For calculating entries, left holds, LADD, add 70 degrees to inbound. Right hand holds, -70 from inbound.
6
Q
- ROC required with 6% and 140 kts?
A
a. Gradient x GS x 1.013
140kts x 6 x 1.013
850 fpm
7
Q
- Your 50 nm from VOR at FL290, you need to descend to 8000 ft by VOR, at 271 kts GS, what is minimum ROD required?
A
a. 271 kts = 4.5 nm/min
Traveling for 50 nm will take you (50/4.5) 11 mins
Height to descend (29 000 – 8000 = 21 000) 21 000 in 11 minutes (21 000/11) = 1909 ft/min RoD (answers all 100ft of each other)
8
Q
- 6% profile on VOR approach, at 140 kts, what is the ROD required?
A
a. Gradient x GS x 1.013
6 x 140 x 1.013
850 fpm
9
Q
- While flying an ILS with a 3 degree path. Your ground speed decreases from 160kts to 130kts. By how much should you decrease your rate of descent?
A
a. ROD @ 160kts = 800ft/min
ROD @ 130kts = 650ft/min
800-650 = 150 ft
150fpm
10
Q
- Flying an approach with a 6% gradient at 140kts groundspeed what ROD is required to maintain profile
A
a. Climb gradient x GS x 1.013
6 x 140 x 1.013
=850
11
Q
- Your ground speed is 250 knots and you are at FL160. If you need to be overhead the VOR at a 1000’ and your TOD is 50nm, what’s the ROD required?
A
a. 16,000 – 1,000 = 15,000 to lose
Time = Distance / Speed
50 / 250 = 0.2
0.2 x 60 = 12 minutes
15,000 ft / 12 min = 1,250 fpm
12
Q
- It takes 22 minutes to climb to altitude in still air conditions, you cover 66 nm in this time. If there was a 35kt head wind, what distance would you cover?
A
a. 66/22=3
3x60 = 180 kts (GS)
180-35 kts head wind = 145 kts head wind
145/60 = 2.4 nm/minute traveling for 22 minutes
Cover 53 nm
13
Q
- Climb to FL190 22min 110nm covered with planned 79kt headwind, what is the distance covered with 30 kt headwind
A
a. 110/22=5
5x60=300 kts (GS)
(79-30)=49kts
300+49=349
349/60 = 5.8
5.8x22
128nm
14
Q
- An aircraft flight planning chart states that the time to reach FL190 at a given weight is 22 mins with a still air distance of 66nm.
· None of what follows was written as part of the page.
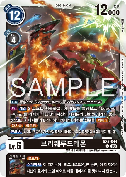 手牌主要可支付3费用,然后将此卡牌置于我方1只拥有“Legend-Arms”特征或Lv.6的数码宝贝的进化源最下方,并将对方所有DP不高于该数码宝贝DP的数码宝贝退化1。 阻挡者重启

What will be the distance travelled with an average head wind component of 35 kts?
A
a. 66/22=3 nm/min
3x60=180 kts G/S
180kts-35kts=145kts new G/S
145/60=2.41 nm/min
2.41x22=53nm
15
Q
- Travelling at 290kts, for 58 nm, how long will it take you
A
a. 290/60=4.8nm/min
58/4.8=12mins
16
Q
- Travelling at 178kts, how far will you go in 7 minutes?
A
a. 178/60=2.9nm/min
2.9x7=20nm
17
Q
- 480nm distance +60 kts headwind on the way there, 380 TAS. How long does it take?
A
a. 380-60=320 kts GS
320/60=5.3nm/min
480/5.3=90min
2hours 30 min
18
Q
- Planned groundspeed =240kts over a 480nm trip. Dep at 1000hrs. After 150nm, your 2 mins late. What is your revised ETA using a new G/S?
A
d. 480/150=3.2.
If you are 2 minutes late at 1/3 of the way, you will be six minutes late in total.
AETA
1206
19
Q
- An aircraft travelling a distance of 450nm from A to B. After covering 150nm, is two mins behind ETA. At what time will it reach B? Departed A at 1000. GS- 240 Kts
A
a. 450/150=3
6 minutes behind in total
240/60=4nm minute
450/4=112minutes
ATD 1000 +112=ETA 1152
+6 minutes AETA= 1158
20
Q
- Flying A – B (dept time = 10.40 am & total distance is 430 NM): following 55 nm you arrive 2 mins later than expected, what is your new ETA at B?
A
a. 430/55=7.8
7.8x2=15.6 minutes late in total
21
Q
- Aircraft is flying from A-B, Distance is 480nm, TAS of 380kts. From A-B there is a 60kt headwind, wind remains constant. How long will it take to go from A-B and back to A
A
a. GS A-B = 380 kts – 60 kts = 320 kts GS
320/60=5.3
480/5.3=90 minutes A-B
GS B-A= 380+60=440kts
440/60=7.3
480/7.3=65minutes
Total elapsed time = 90+65=155minutes
22
Q
- One aircraft is indicating 7000ft with QNH 1023 set and another aircraft is indicating 8000ft with QNH 1013 set. What is the height difference between the two aircraft
A
b. 1023-1013=10
10x30
300ft variant, so 700 ft in separation
23
Q
- Climb to FL190 22min 110nm covered with planned 70kt headwind, what is the distance covered with 30kt headwind
A
a. 110/22=5nm/min
5x60=300kt GS
300+(70-30)=340kts new GS
340kts/60=5.6nm minute
5.6x22minutes=124nm
24
Q
- Descent from FL270 -To FL160, G/S 256kts and ROD 800ft/min. You need to be 6nm from the VOR station by bottom of descent. How far away do you start your descent?
A
a. 27000-16000=11000ft
11000/800=13.75minutes
256/60=4.28nm/min
4.28x13.75=59nm
59+6=65nm TOD
25
21. Calculating head and crosswind components
a. 30 degrees off of runway heading is 90% HW and 50% XW
40 degrees off of runway heading is 70% HW and 60% XW
50 degrees off of runway heading is 60% HW and 70% XW
60 degrees off of runway heading is 50% HW and 90% XW
If you use 110-degrees off you will get the head wind percentage
110-40 degrees off = 70% headwind component
26
22. Taking off from runway 36, with a wind of 030°/30kts. What are the headwind and crosswind components?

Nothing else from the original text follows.